Greetings comrade, I don't have a specific resource I can think of that addresses your question head-on so I'm going to take a crack at it myself and then share what resources I can find and recall.
I think it is probably challenging to understand because there are a number of counterintuitive principles that build on each other.
I think it's fundamental to understand monetary policy, the foreign exchange markets and the bond markets, then hopefully it will be clear to explain how they constrain state action.
So first monetary policy. All national currencies that exist today are administered by a central bank that literally has the power to create and destroy any amount of money at any time. Currencies used to be "backed" by another asset, meaning in principle they could be exchanged for some amount of silver or gold if you took the paper notes back to the issuer. This hasn't been true for decades, which is why many people call these "fiat currencies" because they literally have value because the governments say they do. The natural next question is: why don't governments just print unlimited money to buy whatever they want and never have to levy taxes? According to "monetarist" theory if you have an increase in the money supply without a corresponding increase in available goods and services, that will lead to an increase in prices across the board which is also known as inflation. This was once a great debate in economics, but my understanding is that this is universally accepted now because the historical record is unambiguous.
Now we can talk about foreign exchange markets. It gets very confusing to try and think about buying and selling money with other money, but it's a very important part of how the world works. The main reason individuals and businesses buy the currency of another country is to do business with them in some way. (Travel, invest, import products etc.). The main reason governments (acting through their central banks) buy foreign currency is to hold as reserve so they can make big moves to stabilize their own currency in the event of a crisis. The reason governments care about the stability of their currency relative to others is because when their currency is "strong" (meaning increasing on average in value relative to other currencies) it makes their exports less competitive and when it is "weak" this causes inflation in the local economy.
Very important side note to squeeze in between here is that ever since the end of World War II (The World Anti-fascist War), the dollar has been "the reserve currency" which causes the US to have what has been called "the exorbitant privilege". It's not an exaggeration to say that the United States has been getting fat from consuming the surplus value of the entire world.

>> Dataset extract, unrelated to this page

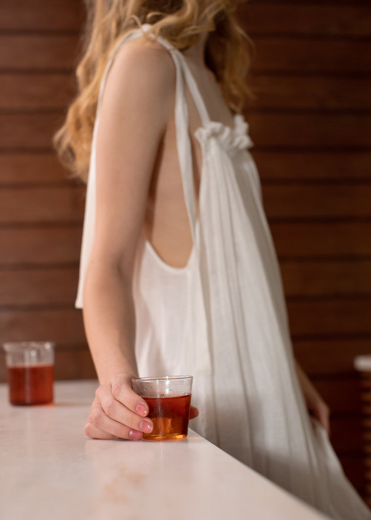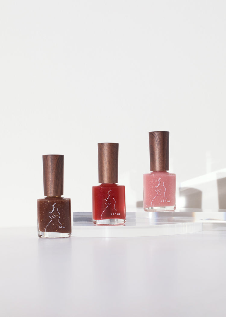 毎日のティータイムを大切にしている未来さんが、グラスの中ではじけるティーソーダや紅茶をネイルにしてくれました。私たちをリラックスさせたり、心地良くしてくれたりする紅茶の色を指先まで連れ出してくれたのです。 色はいつも、ふとした瞬間に私たちを助けてくれる。その色に強さや優しさ、今の自分をポジティブに後押ししてくれる小さな力が込められているのを知っているから。rihkaのネイルはそうやって私たちを光の中に連れ出してくれるのでしょうね。指先に紅茶を。

This all ties into the government bond market. Bonds are denominated in the national currency which is why this all connects together. Imagine a large European manufacturer, say Volkswagen. 12 months ago, you might have chosen to have bought one-year US bonds as part of your financial operations. These bonds have around a 3 and 1/2% interest rate, sounds great right? No, you're absolutely fucked because over the past 12 months the dollar has lost more than 10% of its value against the Euro. So not only has your bond investment actually lost value in real terms, but now your cars are 10% more expensive for US customers because of the exchange rate alone not even counting the tariffs and now having the highest energy prices in the world.
Now we're finally ready to talk about economic coercion with some examples:
I tried to make it as short as I could, hopefully I didn't leave out any important detail. Please ask any questions.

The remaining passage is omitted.